Final Thoughts on She-Hulk Episode 6
This episode of She-Hulk felt closer in spirit to what the showrunners of our big green heroine are ultimately striving for – 30 rock-ish levels of crazy comedy – even if they fall well short of their objective. You see, to accomplish such a task, you need to have A) Tina Fey and B) great writers who know how to create clever satire. In 30 Rock, we actually care about Liz Lemon; his difficulties, his dreams. Despite minimal success in the television industry, the character’s work issues often seeped into her personal life and made happiness, love, and even motherhood harder to achieve. 30 Rock also applauded the establishment and poked fun at our largely male-dominated society, albeit in a thoughtful, insightful, and extremely funny way. My God, I miss this show. (For a similarly styled comedy that also features a healthy dose of Tina Fey, check out Hulu’s terrific Only Murders in the Building.)

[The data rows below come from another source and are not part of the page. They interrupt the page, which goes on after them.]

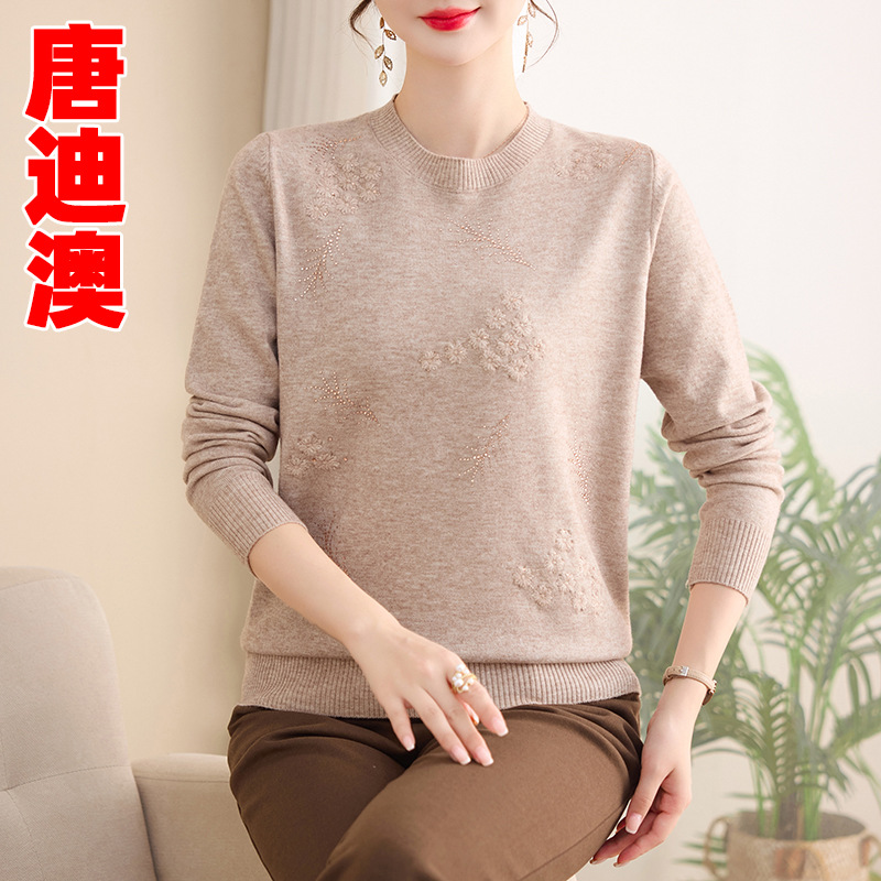 洋气妈妈新款老太太内搭秋冬女装毛衣中老年休闲圆领针织衫上衣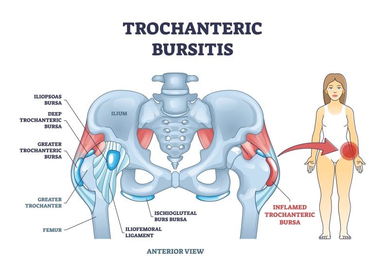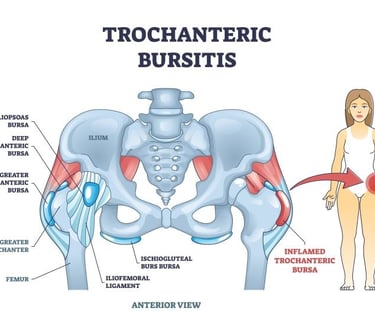 Trochanteric bursitis refers to inflammation of the bursa located over the greater trochanter on the outer aspect of the hip. The bursa acts as a fluid-filled cushion between bone and surrounding soft tissues, reducing friction—similar to protective “bubble wrap” for the joint.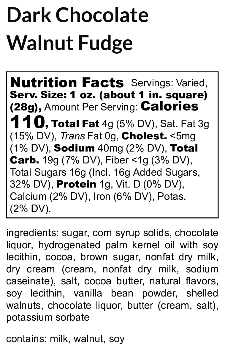 The total package for fudge perfection! Divinely satisfying, velvety, dark chocolate with chunks of crunchy walnuts. Uncle Butch’s Dark Chocolate Walnut Fudge is a delicious fudge nutty goodness! Rich but not overly sweet and the walnuts add a fun, delicious texture to this creamy fudge. An ideal treat for both chocolate and nut lovers, Uncle Butch’s Dark Chocolate Walnut Fudge pairs perfectly with a tall, cold glass of milk and is an excellent treat for a family picnic, kids birthday party, for a special occasion or just for fun!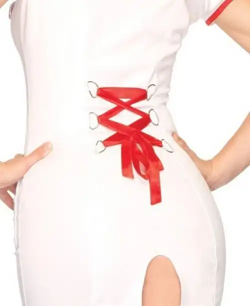 Чтобы завершить образ, к этому костюму также прилагается подходящая шапочка медсестры, которая идеально сидит на голове. Кепка украшена символом красного креста, придающим оригинальность этому соблазнительному ансамблю.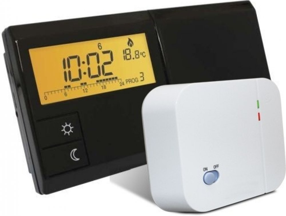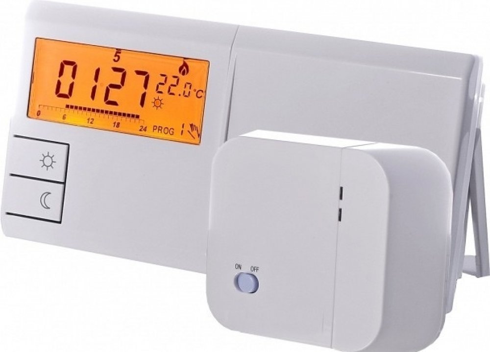 Týdenní programovatelný termostat, pomocí kterého lze jednoduše a efektivně nastavit kontrolu teploty v místnosti. Vzhledem ke svému širokému využití je univerzální programovatelný termostat s beznapěťovým kontaktem, vhodný k regulaci všech typů kotlů, elektrických přímotopů, spíná zařízení od 0-230V s maximální zátěží 5A.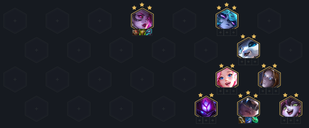 一直赌三星赌到5-4选完秀然后拉8人口,这时候必须要要有一个以上的三星做一次提速挂满羁绊,然后6阶段看情况把其余三星D出来即可,根据三星情况切换莫甘娜或薇古丝为主坦,主C赛纳必须要三星,最完美的情况下就是除了两张四费卡外其余全三星,当然这是非常胡的情况了,通常只需要做到赛纳三星薇古丝三星莫甘娜三星即可,这局因为前期连胜打的非常好而且经济也好D卡也不天谴所以我几乎全追三星了!后续根据对局情况站位左右两边互换即可打刺客的话薇古丝可以单独站在第一排然后把纳尔跟莫甘娜拉下来站在赛纳前面即可!
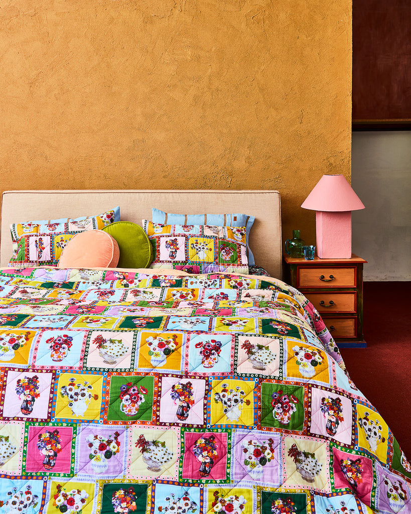 Double up with our Kip&Co x Margaret Preston Margaret's Vase Organic Cotton Quilted Bedspread for a room in full bloom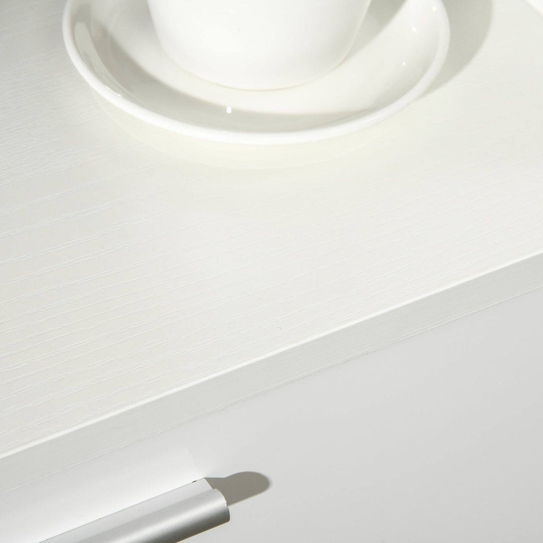 - Colour: High Gloss White Front Panel, White Wood Grain Side Panel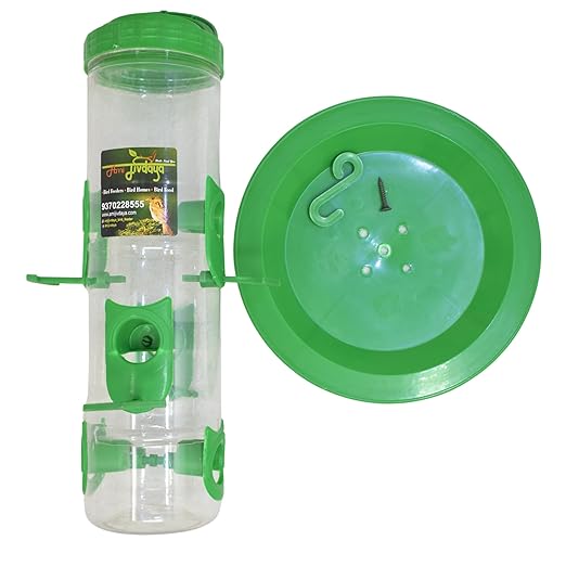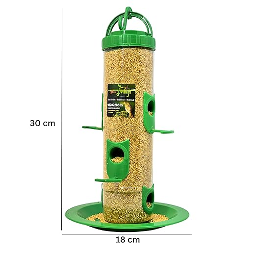 Skybeings Plastic Large Bird Feeder | 6 Feed Nozzles | 30cm Height | 900gram Bird Food Capacity | Hanging Bird Feeder for Balcony | Bird Food Feeder | Garden Outdoor Hanging Bird Feeder | 2 psc Green

She-Hulk, on the other hand, thinks it’s hilarious, and the whole cast seems to be having fun, but no one has a good grasp of the material. The series looks more like parody than comedy and is far too lazy to achieve the kind of success it probably should. There was an opportunity to explore the nuances of the superhero genre from a female perspective in a witty and insightful way. Unfortunately, She-Hulk seems to have been written by a group of bitter Hollywood ex-wives who were far too in love with themselves to see the potential of the source material. We lament possibilities more than we appreciate successes.
Who cares about a character whose problems are so easily overcome? Who cares about court cases when writers don’t seem to know the first thing about the law? Who cares about superheroes when they live in a world completely devoid of consequences?
The creative minds behind She-Hulk: Attorney at Law certainly don’t, but they do love booze.